*** Opening of Entries supplied ***
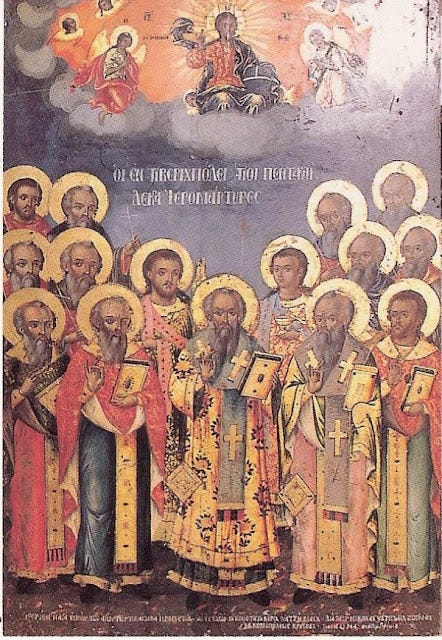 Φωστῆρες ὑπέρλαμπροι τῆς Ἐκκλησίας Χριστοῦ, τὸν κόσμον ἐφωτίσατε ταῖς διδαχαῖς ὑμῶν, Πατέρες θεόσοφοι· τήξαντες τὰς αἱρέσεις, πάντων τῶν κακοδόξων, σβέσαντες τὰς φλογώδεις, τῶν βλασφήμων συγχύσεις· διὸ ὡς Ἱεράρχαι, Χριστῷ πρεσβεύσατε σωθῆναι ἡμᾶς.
*** Close of Entries supplied ***
*** Opening of Entries supplied ***
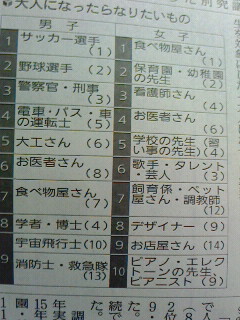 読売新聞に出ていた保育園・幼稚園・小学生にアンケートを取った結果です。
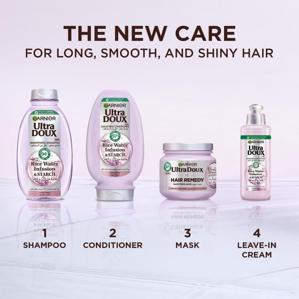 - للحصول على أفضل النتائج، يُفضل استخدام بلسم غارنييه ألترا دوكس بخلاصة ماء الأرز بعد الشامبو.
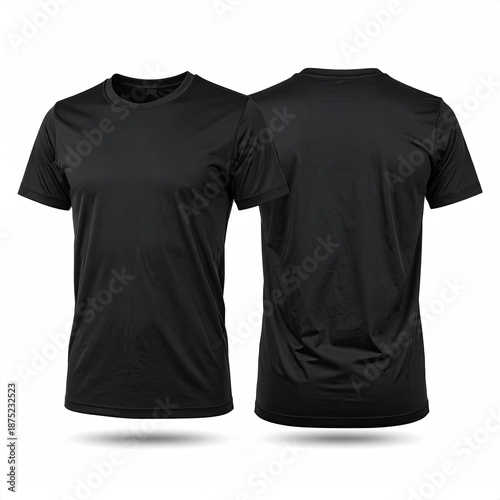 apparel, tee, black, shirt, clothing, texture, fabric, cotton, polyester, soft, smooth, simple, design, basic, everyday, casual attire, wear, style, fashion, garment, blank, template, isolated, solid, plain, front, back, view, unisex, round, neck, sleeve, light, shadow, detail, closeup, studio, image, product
*** Close of Entries supplied ***
▶ _Task requirements_
Keep to the stretch from the line containing "読売新聞に出ていた保育園・幼稚園・小学生にアンケートを取った結果です。" through the line containing "studio, image, product", both ends included, and copy it exactly from the listing above, minus the pictures.

▶ _Solution below_
 読売新聞に出ていた保育園・幼稚園・小学生にアンケートを取った結果です。
 - للحصول على أفضل النتائج، يُفضل استخدام بلسم غارنييه ألترا دوكس بخلاصة ماء الأرز بعد الشامبو.
 apparel, tee, black, shirt, clothing, texture, fabric, cotton, polyester, soft, smooth, simple, design, basic, everyday, casual attire, wear, style, fashion, garment, blank, template, isolated, solid, plain, front, back, view, unisex, round, neck, sleeve, light, shadow, detail, closeup, studio, image, product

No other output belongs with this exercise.